FAQ

Find answers to some of the more frequently asked questions on the Forums.

Forums guidelines

Our guidelines keep the Forums a safe place for people to share and learn information.

Supporting adult son and grandson

Grace12
Community Member
My adult son is going through a difficult time with child custody issues. He is the primary carer but has to return his 3 year old son to the mother at the end of each week as per the Family Court orders. The little boy becomes very distressed at handover, cries, clings to my son and resists going to his mother until she finally pulls him from my son and takes the little boy to her car where we hear him screaming as she drives away. She says that he settles down within 5 minutes, but it is very distressing for my son, and for me too as I attend all handovers, on his lawyer's advice. I sit with my son afterwards and let him talk but don't feel that I'm helping very much. We both dread the end of each week because we have to go through this. My problem now is that my husband and I had been making plans to take a long camping holiday and we intend to leave in about 3 weeks. I haven't been able to tell my son yet. I thought if I could find someone to accompany him to handovers I would feel I'd put something in place to assist him but it's very difficult to find someone. I thought perhaps I could pay a qualified babysitter to do that, but am not sure anyone would want to do it. I feel guilty for leaving him to cope on his own, especially as he has been advised to have a support person with him. I'll miss my grandson very much while we're away, but want to spend time with my husband on our holiday, so am very torn and not sure what to do.
11 Replies 11

quirkywords
Community Champion
Community Champion

Grace12,

Welcome to the forum.

What a wonderful mother and grandmother you are supporting your son support his son.

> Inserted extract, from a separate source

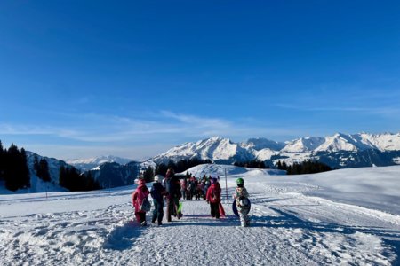"Als ich in der Schule ankam, waren schon sehr viele Kinder da. Ich war schon sehr aufgeregt, weil ich mit meinen Kollegen eingeteilt war. Dann hab ich mir die Skischuhe angezogen und dann ging es auch los. Es gab Gruppeneinteilungen: Ski, Kinderland Sessellift und Bügellift. Snowboard auch Kinderland, Sessellift und auch Bügellift. Aber wer nicht Ski und Snowboard fahren wollte oder konnte, der konnte Winterspazieren also im Schnee. Sie durften auch einen Rutschteller mitnehmen. Als wir richtig eingestanden waren, haben wir einen Kleber auf den Helm bekommen als Kennzeichnung. Mit der Gruppe sind wir in den Bus eingestiegen und sind nach Grüsch Danusa gefahren. Als wir angekommen waren, sind wir in die Gondel eingestiegen und sind nach oben gefahren. Ich habe mich beim Sessellift eingetragen. Bevor wir los gehen durften, mussten wir eine kleine Testfahrt im Kinderland machen, um zu sehen, ob man bremsen und Kurven machen kann. Ich bin mit meiner Gruppe und unseren Begleitpersonen alle blauen Pisten gefahren. Dann haben wir Znüni gegessen und uns ein wenig ausgeruht. Dann ist eine andere Gruppe gekommen und hat uns gefragt, ob wir mit ihnen in die Mittelstation gehen wollen. Unsere Leiter haben gesagt, dass ich sicher mitgehen kann. Alle konnten nicht mitgehen, weil sie nicht gut genug fahren konnten. Wir sind runtergefahren und mit der Gondel wieder rauf gefahren. Dann gab es Mittagessen. Alle hatten ihr eigenes Picknick dabei. Wir haben ein Buffett gemacht und dann gegessen. Dann zusammengepackt und wieder mit der Gruppe Ski gefahren. Wir sind danach noch einmal mit der anderen Gruppe zur Mittelstation runtergefahren. Ganz unten angekommen konnte jemand nicht bremsen und ist in den Pfosten gefahren und hat sich den Arm gebrochen. Das war sehr schade und traurig. Als wir wieder oben waren, haben wir eine Pause gemacht und dann das letzte Mal runtergefahren und in der Mittelstation in die Gondel eingestiegen, um runterzufahren. Doch genau dann ist die Gondel etwa zehn Minuten stehengeblieben, einmal nach hinten und endlich wieder in die normale Fahrtrichtung. Bei der Talstation sind wir in den Bus eingestiegen und zurück zur Schule gefahren.

I think you need to tell your son as soon as possible so he has time to find someone to be there at handover when you are away.

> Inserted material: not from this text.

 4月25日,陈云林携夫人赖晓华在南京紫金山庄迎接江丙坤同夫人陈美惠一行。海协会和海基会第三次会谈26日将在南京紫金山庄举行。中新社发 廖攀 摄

Does he have a friend or relative who may help.?

I can see why as a mother you would feel guilty but you deserve a holiday and he would understand that.

How long are you going away for?

If you leave it till the last minute it will make it hard for him to find someone.

These are just my thoughts and not sure if they help.

I do know the longer you put off something the harder it becomes to do.

Quirky

Thank you for your advice Quirky. I spoke to my son today and he said of course we must go. It's difficult for him to find friends to help him because they work and can't be there at the time of handover, and he doesn't have any relatives that can do it, apart from me. We will be away about 5-6 weeks on a long driving trip to see my husband's daughter on the other side of Australia. It's a long time to be away especially when there's so much going on with Family Court matters. I have been helping him there too, filing documents and keeping up with all the legal things that have to be done. He has become very dependent on me, phones me often to talk about everything that's happening. Sometimes I find it overwhelming but try to keep calm and rational for his sake.Thankfully my husband is very good and supports me but there are times when I know it's too much for him and then I feel guilty.

quirkywords
Community Champion
Community Champion

Grace12

Thanks for your reply. I am glad you told your son.

I don’t think I know a parent who does not feel guilty about something.

You are helping your son as much as you can and I am sure he appreciates your effort.

I can feel you are torn between helping your son and going on the trip and being with your husband.

is your husband aware of how you feel about the trip?

I am concerned that you look after your health because if you get run down you won’t be able to help your son.

Quirky

Summer Rose
Blue Voices Member
Blue Voices Member

Hi Grace12

I think you're an amazing mum and grandma. I know you feel torn in two but for what it's worth it's more than okay for you to go on your trip. You need to go, for you and your relationship.

Your son is an adult; he will cope. It may be challenging for him but it sounds like he wants you to go. If you don't, he may be the one feeling guilty. You and your son obviously really love each other.

If your son simply needs a witness, maybe a neighbour could help at handover? Or maybe handover could take place somewhere else besides home that is court supervised? Or at your son's workplace, so a co-worker can help? It might just mean a bit of juggling times, etc.

Last thought is about the trauma your grandson endures each week at handover. It might pay for your son to get some advice from a child psychologist to hopefully improve the routine/experience. Sounds like an awful lot of heartache for the little guy.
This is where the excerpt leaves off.